PROBLEM REQUIREMENTS
Please restate word for word the lines from the top of the entries through the line that contains "Personalizētās un viegli", and do not include any pictures.
>>
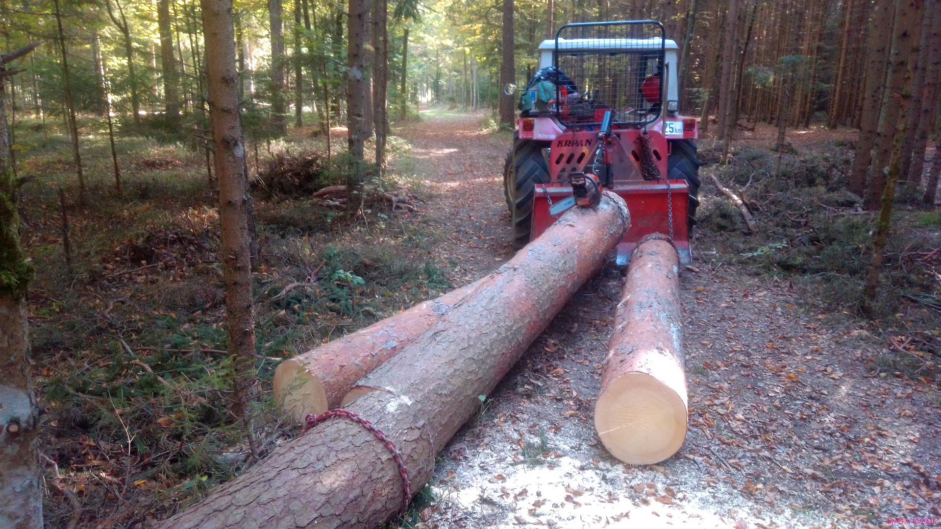 Ich hab' endlich Zeit gefunden, die hier gefällten Kiefern zu rücken, damit ich sie zu meiner Bandsäge transportieren kann.
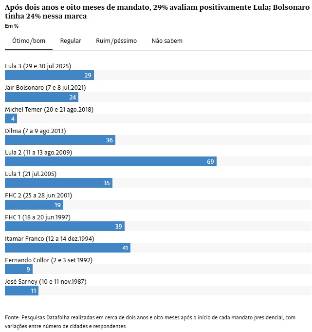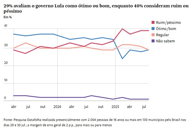A expectativa do entorno do presidente Lula (PT) acerca de ganhos de imagem imediatos no embate com o americano Donald Trump não se concretizou. Segundo o Datafolha, o petista segue com avaliação estável, tendo seu governo reprovado por 40% e aprovado por 29%.
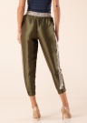 Personalizētās un viegli pamanāmās Only bikses Jelena piesaista uzmanību ar stilīgu spīdīgu virsmu, kas veidota pievilcīgā divtoņu krāsā. Elastīgā gumijas jostasvieta ir regulējama priekšpusē ar aukliņām, un 7/8 garuma staru galos ir arī mīkstas gumijas. Modelis ir 177 cm garš un valkā S/32 izmēru. Materiāls: 50% viskoze, 50% neilons. Krāsa: zaļa/bēša
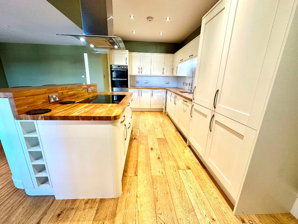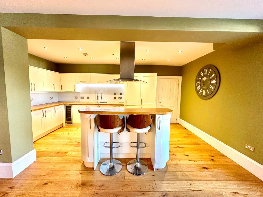 The incredibly versatile and spacious open plan lounge area offers ample room for furniture and a dining area leaving plenty of extra living space. The kitchen is separated by an island, which gives the property a greater social aspect, hosts a range of floor and wall mounted modern fitted units and a selection of fitted appliances including electric oven/grill, five ring induction hob, dishwasher, fridge/freezer and a wine fridge. The kitchen further benefits from a separate utility room offering wall mounted shelving for storage and houses the washing machine.
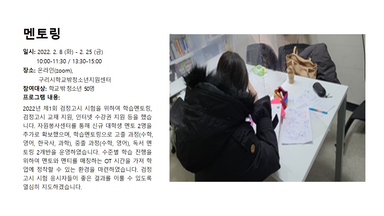 2022년 2월 멘토링(학교밖) 작성자 관리자 등록일자 2022년 3월 7일 10시 22분 49초 조회 586 멘토링.JPG [ Size : 146.18KB , Down : 248 ] 미리보기 다운로드 목록보기
<<
WRITTEN ANSWER
 Ich hab' endlich Zeit gefunden, die hier gefällten Kiefern zu rücken, damit ich sie zu meiner Bandsäge transportieren kann.
A expectativa do entorno do presidente Lula (PT) acerca de ganhos de imagem imediatos no embate com o americano Donald Trump não se concretizou. Segundo o Datafolha, o petista segue com avaliação estável, tendo seu governo reprovado por 40% e aprovado por 29%.
 Personalizētās un viegli pamanāmās Only bikses Jelena piesaista uzmanību ar stilīgu spīdīgu virsmu, kas veidota pievilcīgā divtoņu krāsā. Elastīgā gumijas jostasvieta ir regulējama priekšpusē ar aukliņām, un 7/8 garuma staru galos ir arī mīkstas gumijas. Modelis ir 177 cm garš un valkā S/32 izmēru. Materiāls: 50% viskoze, 50% neilons. Krāsa: zaļa/bēša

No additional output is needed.